My grandfather Rodger was an Episcopal priest in the Dioceses of Springfield and Chicago, my father Lindsay in the Dioceses of Central Florida, Albany, Springfield, Western Louisiana, and Florida. I was ordained a deacon in the Diocese of Chicago and have served in the Dioceses of Milwaukee and Fond du Lac.
I have been part of the “family business,”so to speak, in Winter Haven, Orlando, and Auburndale, Florida; Unadilla and Latham, New York; Charleston and Park Ridge, Illinois; and Lake Geneva, Walworth, and Appleton, Wisconsin.
But Jesus reminds us in tonight’s Gospel reading that ancestry is a tricky thing.
“If you were Abraham’s children, you would be doing what Abraham did, but now you are trying to kill me, a man who has told you the truth that I heard from God. This is not what Abraham did” (John 8:33-47).

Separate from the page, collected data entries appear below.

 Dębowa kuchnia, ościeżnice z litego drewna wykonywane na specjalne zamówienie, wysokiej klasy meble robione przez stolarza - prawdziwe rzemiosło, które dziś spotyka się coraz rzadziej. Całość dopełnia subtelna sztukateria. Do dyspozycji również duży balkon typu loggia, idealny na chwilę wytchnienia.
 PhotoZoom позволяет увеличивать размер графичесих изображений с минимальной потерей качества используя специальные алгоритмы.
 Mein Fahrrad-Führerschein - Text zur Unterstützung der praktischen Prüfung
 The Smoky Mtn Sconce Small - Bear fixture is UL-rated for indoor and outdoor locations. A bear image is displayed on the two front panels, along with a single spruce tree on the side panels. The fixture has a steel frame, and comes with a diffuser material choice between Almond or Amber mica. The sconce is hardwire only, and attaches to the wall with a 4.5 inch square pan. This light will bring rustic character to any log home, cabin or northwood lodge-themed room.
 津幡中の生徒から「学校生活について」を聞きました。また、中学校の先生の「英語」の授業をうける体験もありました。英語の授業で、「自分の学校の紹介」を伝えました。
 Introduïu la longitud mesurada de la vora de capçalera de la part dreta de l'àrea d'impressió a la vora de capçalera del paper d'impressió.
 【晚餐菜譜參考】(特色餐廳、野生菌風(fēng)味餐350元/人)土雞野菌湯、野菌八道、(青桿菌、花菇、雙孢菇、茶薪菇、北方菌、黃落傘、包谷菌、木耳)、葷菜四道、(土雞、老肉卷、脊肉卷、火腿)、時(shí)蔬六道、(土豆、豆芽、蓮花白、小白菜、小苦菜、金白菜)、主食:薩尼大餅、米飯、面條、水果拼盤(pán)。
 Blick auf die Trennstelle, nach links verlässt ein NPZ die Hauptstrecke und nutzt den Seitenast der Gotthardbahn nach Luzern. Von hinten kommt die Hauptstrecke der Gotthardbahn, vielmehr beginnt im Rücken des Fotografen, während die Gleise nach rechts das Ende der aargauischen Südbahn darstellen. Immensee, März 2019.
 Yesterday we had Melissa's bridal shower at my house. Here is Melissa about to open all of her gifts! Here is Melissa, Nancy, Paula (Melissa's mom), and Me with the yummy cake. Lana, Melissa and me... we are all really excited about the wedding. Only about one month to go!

Each of us must take care of our own business, so to speak, in matters of the spirit. We cannot simply rest on our ancestry; we must also do what our ancestors did.
More importantly, we are called to do better than our ancestors did. Earlier in the Gospel, Jesus says “your ancestors ate the manna in the desert, and they died. But those who eat my flesh will live forever.”
This blog, the Daily Office Anchor Society, honors one legacy of my grandfather Rodger, whose 1928 Prayer Book and King James Bible combination bears the stains of the oil on his fingers on the pages of the Daily Office and the Psalter. I treasure that volume as an example of his practice of daily prayer.
Another legacy of his, however, bears deeper stains. Rodger was an excellent priest and a flawed man, whose inappropriate behavior led to his being deposed from the priesthood. My grandmother never darkened the door of a church after he died just a year after that judgment.
Before I even knew of that family legacy, I had been called to teach about preventing sexual misconduct in the church, a ministry I worked at in Chicago and Milwaukee for a dozen years. Having learned of that family legacy, I am still working to understand our silences, our sighs too deep for words, and my own conflicted longings.
I am a wayfarer, just as all my forebears were. I write this post from 30,000 feet, which most of the time is my normal habitat.
God grant that, while my heart will always treasure the legacy I have inherited, I may not rest on my ancestors’ accomplishments but rather seek to follow Jesus’ example and do the will of my true Father in my own time.